Concerns over Hudaydah imports deserve attention. I've been calling for KSA to allow fuel into Hudaydah for months. That said, 1) the solution is not as simple as 'lifting the blockade' and 2) most messaging around this on social media is unabashedly pro-Houthi, wittingly or not https://twitter.com/Ndawsari/status/1380670667297853443
1) What many activists call the Yemen blockade is part of a UN-sanctioned Verification and Inspection Mechanism (UNVIM) intended to prevent weapons shipments to the Houthis. It is currently enforced by KSA and, crucially, the Yemeni government, which has to approve all ships
I've seen some debate by ppl whose opinion I respect, but imo it's undoubtable the Saudi-led coalition has used the UNVIM to 'blockade' the Houthis, refusing permission to allow fuel ships into Hudaydah after the group broke a deal over import revenues last May
Imo, the international community needs to pressure the coalition to allow more fuel ships in under the UNVIM. They have generally been letting food ships in, and let several fuel ships in provisionally over the past year
The thing is, a lot of Yemeni analysts are scared that if we completely lift the UNVIM (i.e. 'the blockade'), rather than just pressuring KSA to allow more ships under it, we'll run into the same problem it was originally trying to solve - Iran sending the Houthis lots of weapons
It was more open to debate a few years back, but it's fairly well-established now that Iran is sending the Houthis significant amounts of weapons thru smuggling routes, although these are still peanuts compared to what they could send in a cargo ship if the UNVIM were lifted
The concern is that if you lift the UNVIM without a very firm political settlement, not just a ceasefire commitment, you're basically just going to pour fuel on the fire by giving the Houthis access to much more and much better weaponry to try to win the war
2) The reason why most messaging around 'lifting the blockade' is unabashedly pro-Houthi is because it completely ignores all these intricacies. It portrays the UNVIM as a purely Saudi effort to starve Yemenis, ignores the Yemeni government's existence...

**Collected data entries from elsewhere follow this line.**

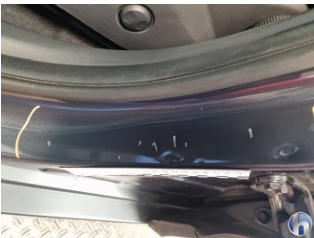
5. Türeinstieg Hinten - Links Kratzer - Instandsetzen und Lackieren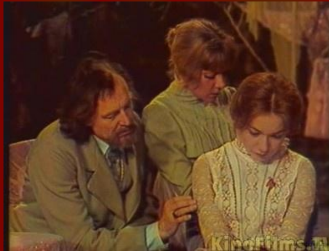
Фильм «Вишневый сад»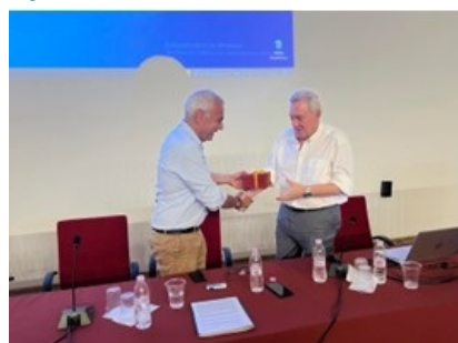
Ομιλία του ΓΓΕΚ, Καθ. Αθανάσιου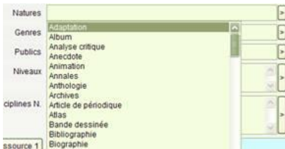
La fenêtre des nomenclatures du champ Natures

Prenons par exemple, le champ Natures : cliquez sur le petit bouton à droite du champ (remarquez que ce petit bouton est différent du bouton des nomenclatures des champs fermés) :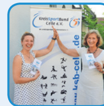
Der KSB Celle e.V.

Dieser Workshop lädt ein zu einer spannenden Reise zu sich selbst: Schauen Sie in sich hinein und finden Sie heraus, was Sie antreibt, motiviert und stärkt. Mit dem Blick auf die persönliche innere Vielfalt - das innere Team - entdecken Sie, was in Balance bringt und welche Ressourcen Sie unterstützen, wann Ihr „Engelchen“ und wann Ihr „Teufelchen“ spricht. Mit der reflexionsorientierten Methode werden Sie Ihr eigener Coach.

and ignores the very real fear that we're going to see a conflagration of the Yemen war if you completely lift the UNVIM, a key Houthi demand. Yes, we should be pressuring KSA to allow more ships, but keep the UNVIM in place.
Of course, this doesn't fit the manichaean worldview of a lot of political messaging in the Middle East, and the Yemen blockade narrative is pretty firmly ensconced in progressive circles, so I don't know what to do except try to explain it to people who'll listen
*on the Middle East, not in. Most Yemenis I talk to about this recognize the complexities of their own country, even if they strongly disagree over what path it should take.